Can you tell us Widlore about what is happening on the ground in Haiti?
A lot of people are talking about Peyi Lock. This is when the country is in total lockdown, when the entire country is shut down. Schools are closed, businesses are closed and people are afraid to come out onto the streets.
- We don’t talk about what brought us to this situation. What brought us here?
- We had Peyi Lock because the economy was not working for everyone.
- We have a population of 11 million, 4 million of whom are food insecurity
- 60% of the population are underemployed
- 20% inflation rate
- You see widening inequality where the few privileged are living differently from the vast majority of the population. You have people living the lavish lifestyle, building expensive hours and driving luxury cars.
In the last decade we had two major opportunities to redistribute wealth in Haiti
- Post-earthquake, there was 15 billion dollars donated and we don’t have a lot to show for it. We have reports saying that the Red Cross amassed ½ billion dollars and they barely built 10 houses.
- The second opportunity was the PetroCaribe Funds. PetroCaribe was based on a contract we had with Venezuela to invest oil profits into social services. The money was mismanaged. A lot of corrupted officials and corrupted businesses took the money, about 2-4 billion dollars.
- Activists stood up to fight corruption, demanding that politicians give back to the community money that was taken from them.

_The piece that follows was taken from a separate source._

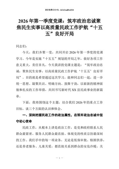 【七哥公文】2026年:2026年第一季度党课:筑牢政治忠诚聚焦民生实事以高质量民政工作护航“十五五”良好开局+更多免费公文+VX:QiGeGongWen2024

- There is a huge income gap in Haiti. With many living in extreme poverty and a few living in extreme wealth.
- The poorest are the true victims of Peyi Lock.
Our leaders did not have the technical capability to run and govern a nation. What does the government leadership look like right now? Who is running the country and how?
- Some might say that René Préval was the only president in Haiti to serve two full terms.
- There were supposed to be legislative elections in October 2019 where a new parliament would have been voted into power did not happen. A lot of people who wanted to be elected were upset, feuling greater dissent.
- Where we are today is that we do not have a parliament, and by June 2020, we will not have mayors running major cities.
- We have a population that is hungry, that is poor, that is not able to produce to feed a growing population. We have leaders who are not able to lead and vacant seats in the government. We are in a state of political, economic, and social crisis. We have leaders without a vision.
- We should not be dependent on elections to resolve our problems. Hosting elections only appeases foreigners. We need to restructure the electoral process and we need to restructure political parties. We should not expect the government to be leading change agents in Haiti.
Widlore, as a young Haitian who is shaping the narrative through storytelling and journalism, where do we go from here?
- People are not hopeless. It is because there is hope that people are out on the streets protesting.
- There is a lot of mistrust of established authorities, but there is a lot of mistrust against the opposition as well. They were once part of the system that they are critiquing as deeply corrupting.
- You have people doing things, you have people taking initiative. We can and should talk about the challenges, but we need a news ecosystem that will also highlight people who are shaping the country in a positive way. There is a need to build a stronger news ecosystem, to hear stories of people doing amazing things for this country.
- We need to reframe what we consider to be newsworthy.